We plan to strip all the woodwork in the living and dining rooms anyway, so let's start now! In order to know how much tile to buy for the fireplace surround, we had to figure out if the wood underneath the 17 layers of paint was original. Good news; yes, most of it. We will have to remove the side wood pieces, which we had to do anyway, and take out the 1" strip on either side you can see here between the wider oak piece and the left side of the right-hand bookcase. Also removed will be the very lowest strip on the top. Those pieces are not original, not oak, and will not take our stain the same way. This is good news because we wanted more surface area to put tile on. This is, of course, going to be more work, but I guess we expected that. We also found a gas fireplace at a local dealer for $900 less than the one we had been looking at. That should make the payback time for this appliance only 62 years instead of 91.

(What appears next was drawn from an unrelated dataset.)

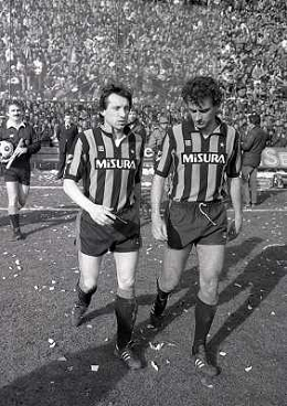 17-03-1985 MILANO CAMPIONATO DI CALCIO SERIE A INTER MILAN 2-2 NELLA FOTO KARL HEINZ RUMMENIGGE E FILIPPO GALLI AG ALDO LIVERANI SAS

After I burned my fingers stripping paint with our hot lamp stripper, we decided to go to the other extreme. Let's go moonlight snowshoeing and freeze our tootsies! Last night, with the big beautiful full moon over the Wasatch Mountains, we hiked around up in Albion Basin, Little Cottonwood Canyon. We shot the picture above with a flash, but using Drew's new fancy-smancy camera (Good 40th birthday present, Lucy! Photography is an old-man's sport, right?) we caught a more realistic picture of what we saw. The exposure below had a 1-second shutter speed.

Hot cocoa upon returning to the car. Good times.


1 comment:

  1. Yikes! $900 less. Are you getting a solid gold gas log set:) This is the one I just installed from the depot.

    http://www.homedepot.com/webapp/wcs/stores/servlet/ProductDisplay?storeId=10051&langId=-1&catalogId=10053&productId=100595895

    $160 shipped and 99.9% efficent. Works great and kickes out a ton of heat.

    The fireplace is gonna look sweet when you're done.